→ **INSTRUCTIONS FOR THE TASK**
In the material below, please retype the lines from the very first through the one with "Tender & delicious", exactly and without pictures.
⟨
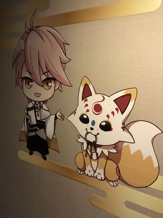 高級感あふれる東京プリンスホテルの館内。コンセプトルームのドアをくぐると、そこには“『活撃 刀剣乱舞』の審神者”とこんのすけの姿が。遠路はるばるやってきた皆さんを、刀剣男士たちとともにお出迎えしてくれます。
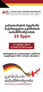 17 ივნისს გერმანიის საელჩო და განვითარების სფეროში მოღვაწე გერმანული ორგანიზაციები, თბილისის მერიის მხარდაჭერით, ერთად აღნიშნავენ საქართველოსა და გერმანიას შორის განვითარების სფეროში არსებული თანამშრომლობის 25 წლის იუბილეს.
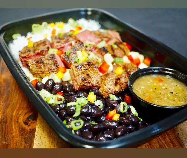Tender & delicious USDA steak served with jasmine rice, corn pico, black beans and roasted tomatillo salsa.
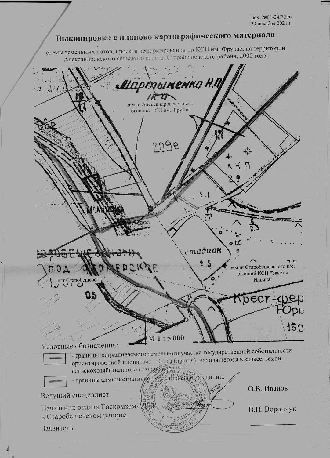 | Администрация Старобешевского района информирует о неиспользуемых земельных участках сельскохозяйственного назначения и о намерении передать их в аренду для использования их по целевому назначению заинтересованным лицам. Просим предоставить информацию от собственников (пользователей), наследников, правопреемников, уполномоченных лицах о намерении использования указанных земельных участков, предоставить согласие на передачу их в аренду по телефону: 2-25-14 отдел архитектуры администрации каб. 113, в соответствии с исполнением полномочий, предусмотренных пунктом 5.5 Временного порядка предоставления в постоянное пользование и передачи в аренду земельных участков на территории Донецкой Народной Республики, утвержденного Постановлением Совета Министров Донецкой Народной Республики от 02.09.2015 №17-15 (с изменениями и дополнениями). Земельный участок расположен на территории Александровской сельской администрации (бывший КСП им. Фрунзе), земли государственной собственности, площадью 0,4 га пашни, находящийся в запасе(согласно приложения): По истечению двухмесячного срока, в случае отсутствия официальной информации от собственников (пользователей), а также их наследников, правопреемников и уполномоченных лиц, будет принято решение уполномоченным органом исполнительной власти о передаче заинтересованному лицу (арендатору) земельного участка в аренду для использования по целевому назначению. Договор аренды таких земельных участков заключается на срок до момента обращения собственников (пользователей), а также их наследников, правопреемников и уполномоченных лиц земельных участков в работе по уборке урожая, но не менее одного года. В случае отсутствия информации от собственников (пользователей), а также их наследников, правопреемников и уполномоченных лиц о намерении возобновить свои права в части использования земельных участков за один месяц до окончания действия договоров аренды, договор возобновляется (продлевается) на такой же срок, путем заключения дополнительного соглашения с заинтересованным лицом (арендатором)
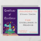 Ett färgstarkt utbildningsbevis för läsning som lämpar sig för använda av en lärare för ett skolklassrum eller en skolförsamlingspresentation. Det här certifikatet för orange är en söt illustration av raketen med bibliotek bokar och kan vara personlig för att inkludera student namn och personliga landvinningar. Även datum och lärares namn kan vara personlig. Enkel och enkel att fylla i online. Bra lärares resurser.
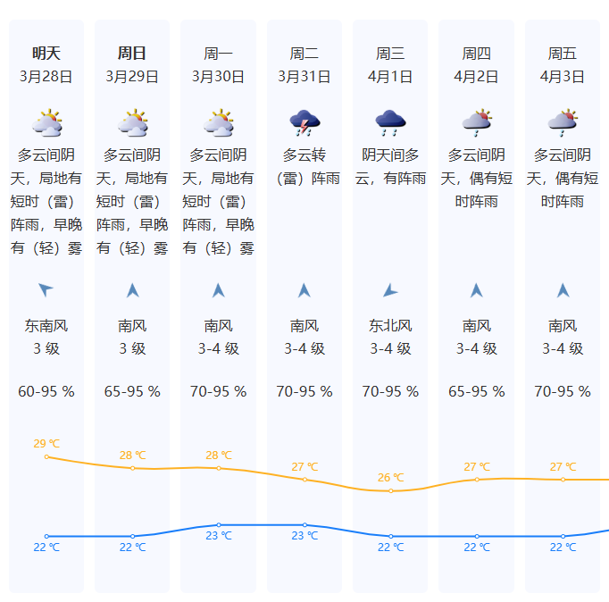预计28-30日大致多云,早晚有轻雾或雾,间中偶有阵雨;
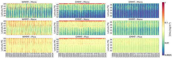 - The last transect (EMMT), which crosses the eastern Mediterranean Sea latitudinally (Figure 7, right panel), is characterized by the lowest concentrations of Chla for all groups, with the increase in concentrations for very short periods of the year, mainly between late winter–spring, generally dominated by PICO and NANO. The highest concentrations for all groups are observed in correspondence to the Rhodes gyre (Figure 7, top panel). Here, a cyclic increase in Chla concentrations across all three size classes is observed approximately every 4–5 years, with particularly intense events in 2003, 2006 and 2007.
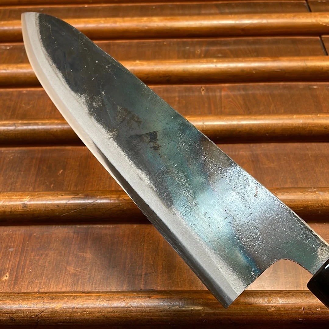 Tosa Tsukasa 240mm gyuto. Shirogami 1 steel with iron cladding. D shaped ho wood handle with horn ferrule.
⟩
→ **YOUR SOLUTION**
 高級感あふれる東京プリンスホテルの館内。コンセプトルームのドアをくぐると、そこには“『活撃 刀剣乱舞』の審神者”とこんのすけの姿が。遠路はるばるやってきた皆さんを、刀剣男士たちとともにお出迎えしてくれます。
 17 ივნისს გერმანიის საელჩო და განვითარების სფეროში მოღვაწე გერმანული ორგანიზაციები, თბილისის მერიის მხარდაჭერით, ერთად აღნიშნავენ საქართველოსა და გერმანიას შორის განვითარების სფეროში არსებული თანამშრომლობის 25 წლის იუბილეს.
Tender & delicious USDA steak served with jasmine rice, corn pico, black beans and roasted tomatillo salsa.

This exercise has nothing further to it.